### TO DO:
Below are some records. Quote exactly the lines from the one that contains "Топ прямого кроя" through the last, both included, and leave out the pictures.

### PROVIDED DATA:
——

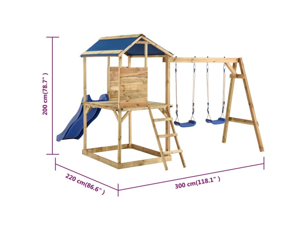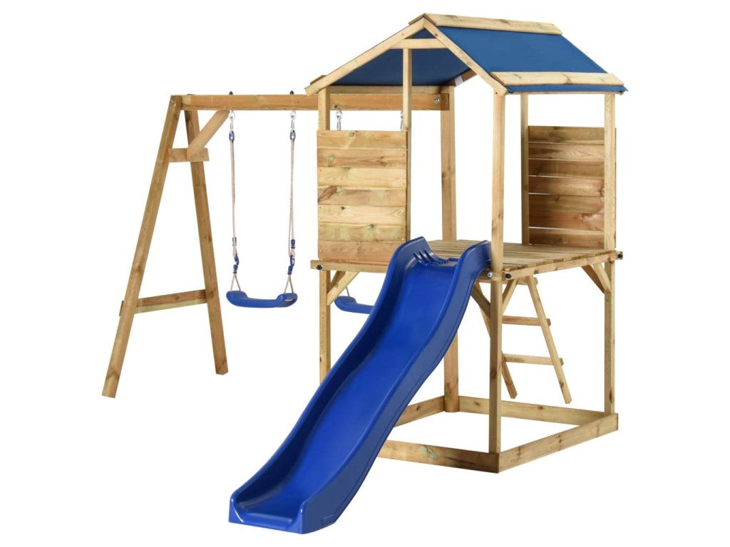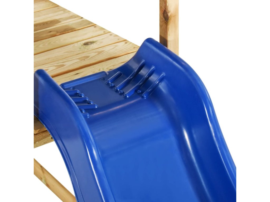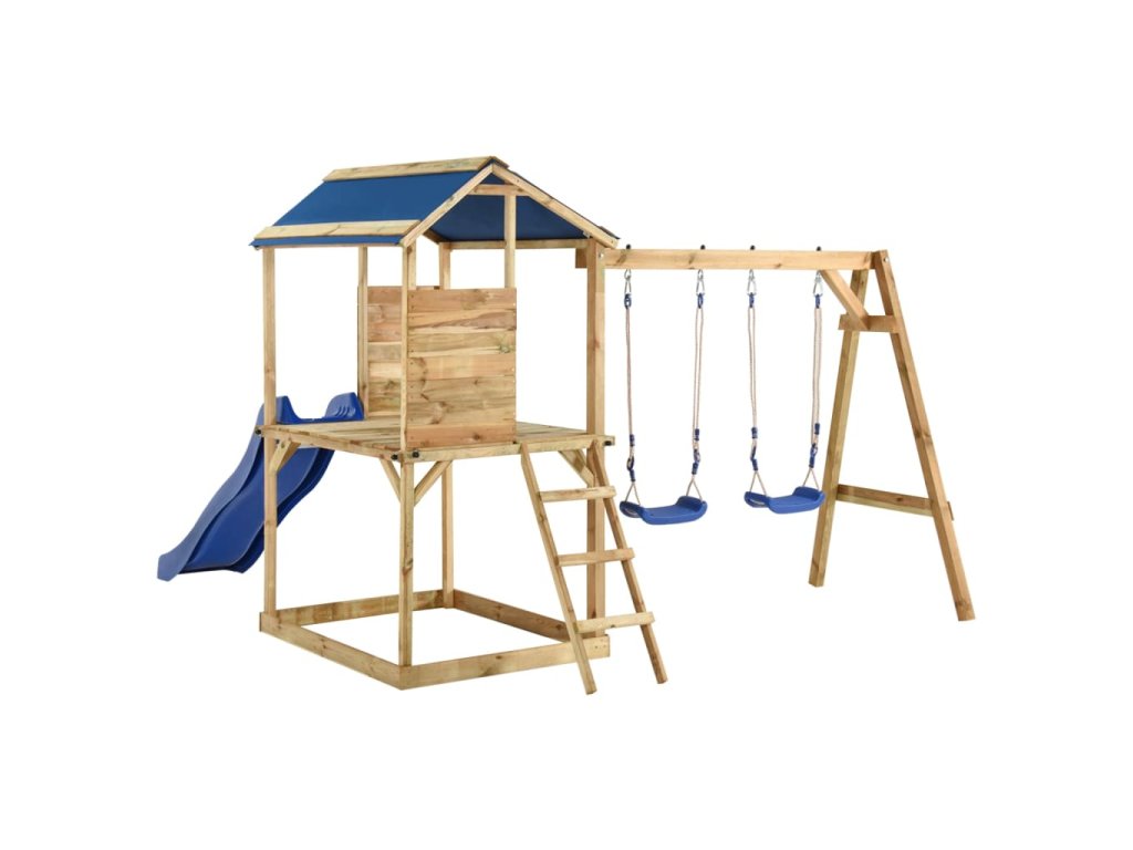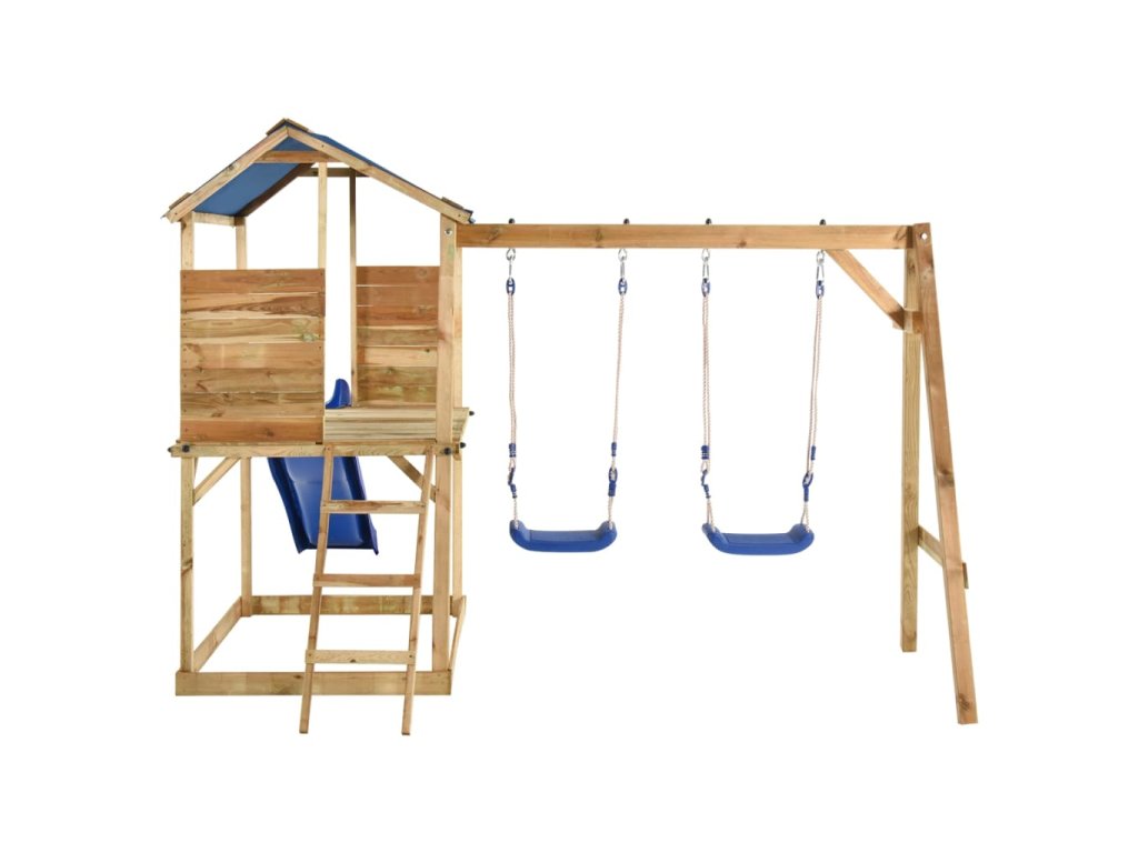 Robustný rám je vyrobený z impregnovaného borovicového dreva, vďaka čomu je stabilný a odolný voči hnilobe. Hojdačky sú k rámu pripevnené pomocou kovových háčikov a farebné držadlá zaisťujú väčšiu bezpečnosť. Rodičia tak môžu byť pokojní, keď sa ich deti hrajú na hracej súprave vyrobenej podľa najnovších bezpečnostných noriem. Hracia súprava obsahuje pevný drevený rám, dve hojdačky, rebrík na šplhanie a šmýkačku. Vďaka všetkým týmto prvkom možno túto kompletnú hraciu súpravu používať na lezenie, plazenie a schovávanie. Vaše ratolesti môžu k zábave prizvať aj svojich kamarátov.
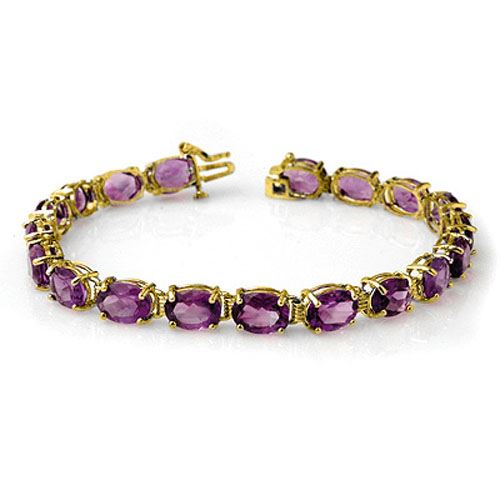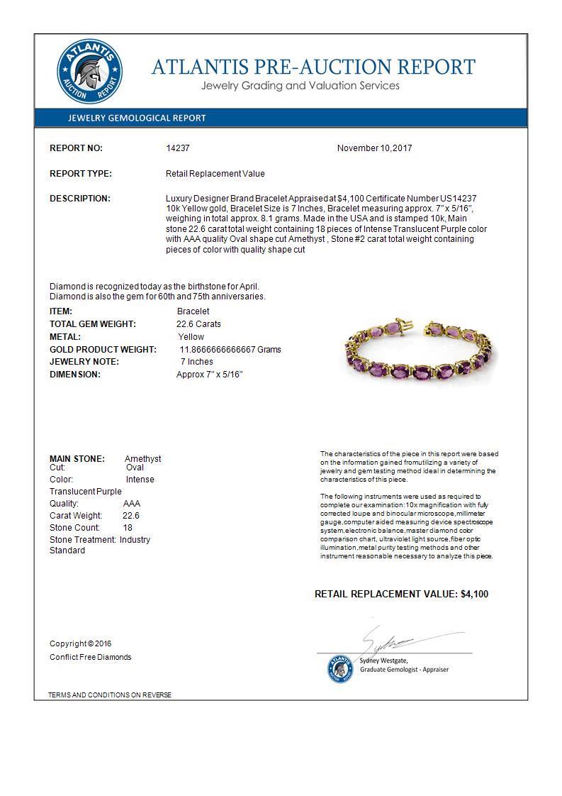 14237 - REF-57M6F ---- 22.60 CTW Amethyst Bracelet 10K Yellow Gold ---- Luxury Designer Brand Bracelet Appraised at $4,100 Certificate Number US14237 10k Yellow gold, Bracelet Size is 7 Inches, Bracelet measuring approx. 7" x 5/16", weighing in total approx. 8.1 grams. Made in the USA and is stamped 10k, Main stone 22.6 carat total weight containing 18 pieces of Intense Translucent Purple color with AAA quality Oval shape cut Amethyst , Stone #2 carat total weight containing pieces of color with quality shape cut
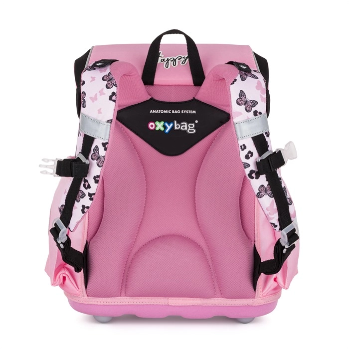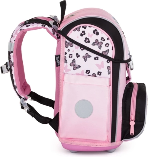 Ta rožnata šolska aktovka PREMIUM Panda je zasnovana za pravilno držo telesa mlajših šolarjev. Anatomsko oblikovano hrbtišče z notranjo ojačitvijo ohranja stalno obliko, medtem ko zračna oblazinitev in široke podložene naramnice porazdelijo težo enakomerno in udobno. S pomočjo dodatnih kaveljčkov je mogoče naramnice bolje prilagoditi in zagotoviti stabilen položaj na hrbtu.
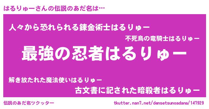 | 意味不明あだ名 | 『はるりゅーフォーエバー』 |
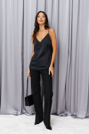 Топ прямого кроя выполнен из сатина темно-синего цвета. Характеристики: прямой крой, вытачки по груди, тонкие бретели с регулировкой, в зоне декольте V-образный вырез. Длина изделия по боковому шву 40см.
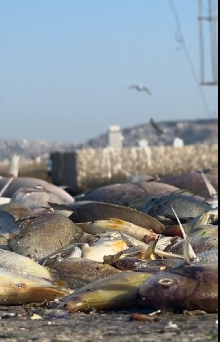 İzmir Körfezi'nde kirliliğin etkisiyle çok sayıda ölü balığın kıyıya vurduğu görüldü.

——

### EXPECTED OUTPUT:
 Топ прямого кроя выполнен из сатина темно-синего цвета. Характеристики: прямой крой, вытачки по груди, тонкие бретели с регулировкой, в зоне декольте V-образный вырез. Длина изделия по боковому шву 40см.
 İzmir Körfezi'nde kirliliğin etkisiyle çok sayıda ölü balığın kıyıya vurduğu görüldü.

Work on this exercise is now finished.